Ken Thompson's famous 1984 paper - Reflections on Trusting Trust - should have long ago dispelled the notion that code defects and penetrations will be visible in source code.
And our experiences with the thousands upon thousands of penetrations of Microsoft's "operating systems", by vectors ranging from e-mail to web-pages to randomly addressed network packets, despite the continued and massive efforts of Microsoft and several security and anti-virus companies, should have taught us that computer platforms are laughably weak.
Even closed, special purpose systems are full of flaws and easily penetrated. Banks know this about their ATMs - that's why they allocate reserves to cover the expected losses. Even touted air and space control systems can be flawed - the Mars Climate Orbiter crashed because some software engineers used metric units of measure and others used English units.
With this a backdrop, we see not just States, but also the US Federal government, racing to deploy computer based voting systems that can not be audited, can not be recounted except by relying on exactly the same systems that are being accused of being inaccurate.
By doing this we are risking our most fundamental precept - that of government accountable to the people through elections.
Why are we doing this?
It only costs a few dollars to add a solid, paper audit trail to electronic voting machines.
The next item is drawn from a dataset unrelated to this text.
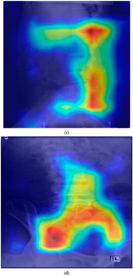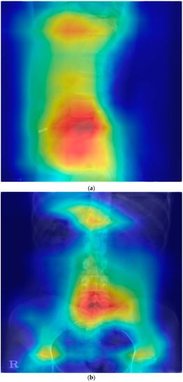 In Grad-CAM, some showed heat maps in the lumbar disk area and some showed heat maps along the lumbar vertebrae shape; however, some showed heat maps in areas not associated with HNP (Figure 1).
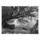 This black and white seascape photogrpah fea tree overhanging the water along the shore at Lake Erie. Les Coast Rocky aux boulders des différents sizes des waters The leaves have a feathery appearance as the tree trunk, branches and leaves, lying horizontal, overhang the water. This scenic landscape photograph quelque chose taken along the coast of lake Erie, Ohio.

The only reason why this is not being done is to save a few dollars. The only conclusion that I can draw from this is that our election officials are willing to risk democracy in order to save a few bucks.
I personally do not hold democracy so cheap.
To my way of thinking, it is irresponsible to deploy electronic voting systems without there being humanly readable audit trails - and by this I mean paper ballots that the voter can read to confirm his/her vote and which, in the case of a recount, serve as the master record of the vote, superseding anything that the electronic machine might have to the contrary.